Gene-Expression Patterns and ATRA-Sensitivity

• Correlation between specific mRNA expression levels and ATRA-sensitivity established using computational methods.
• Identification of 26 mRNAs positively correlated and 16 mRNAs negatively correlated with ATRA sensitivity.
• STRING database analysis revealed four protein interaction networks formed by these genes.

Network Analysis

• Largest network includes 28 components related to tissue development and WNT pathway (e.g., PITX2, PAX9).
• Second network focuses on myogenesis and collagen homeostasis.
• Additional networks regulate pre-mRNA processing and metabolic/mitochondrial homeostasis.

Transcriptomic Characterization of Gastric-Cancer Cell Lines

• Transcriptomic profiles of 13 gastric cancer cell lines classified into two groups: G-INT and G-DIFF consistent with Tan et al.'s classification.
• Validation of transcriptomic coherence with CCLE database enhances study reliability.
• ATRA treatment observed to inhibit growth in G-INT neoplastic cells, associated with lipid homeostasis regulation.

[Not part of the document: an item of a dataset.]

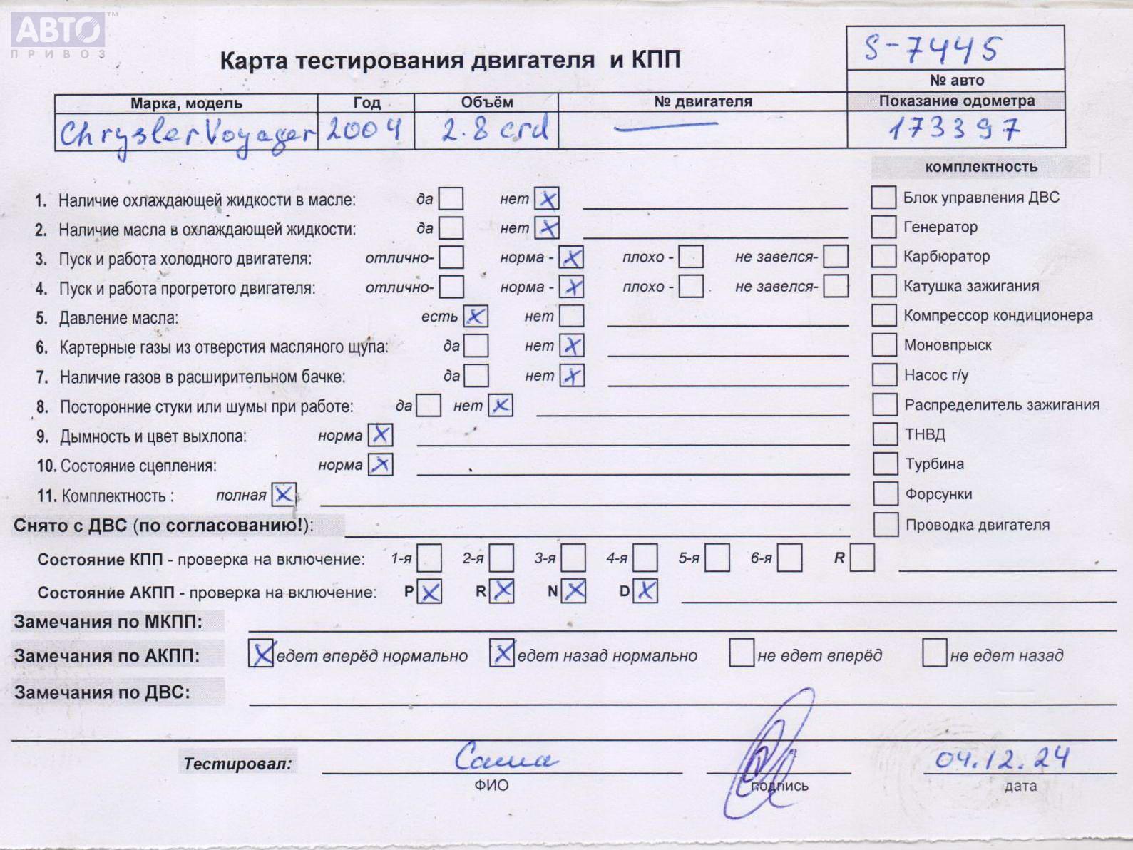 | Марка / Модель / Год: | Chrysler Voyager (2001-2007) 2004 |

Differential Gene Expression Analysis

• High ATRA-sensitivity correlates with G-INT cell lines (ATRA-score > 0.55) and low sensitivity in G-DIFF cell lines (ATRA-score < 0.55).
• RNA-seq experiments conducted after 48-hour treatment with ATRA showed correlation between transcript expressions and ATRA-scores.
• GSEA conducted indicated that ATRA reduces expression of genes regulated by the G2M checkpoint and E2F transcription factor.

Pathways Affected by ATRA

• ATRA treatment decreased expression of c-myc target genes, inhibiting cell proliferation.
• Notable interactome for lipid metabolism includes numerous factors such as MOGAT3, DGAT2, and PCK1, highlighting ATRA's role in lipid metabolic pathway alterations.

Description

Summary Overview of the Outcomes:

This chapter explores the responsiveness of gastric cancer cells to All-trans Retinoic Acid (ATRA), highlighting its capacity to limit cell proliferation. The first goal is to categorize 37 gastric-cancer cell-lines into separate subgroups using the gene expression patterns obtained from the Cancer Cell Line Encyclopedia's RNA-sequencing data. In addition, the study involves evaluating ATRA-sensitivity in a significant number of these cell lines. Furthermore, we investigate the role of RARα in the anti-proliferative effects of ATRA and the genetic networks linked to ATRA sensitivity. Moreover, our research includes the assessment of ATRA's ability to limit growth in certain cell lines and tissue samples obtained from patients.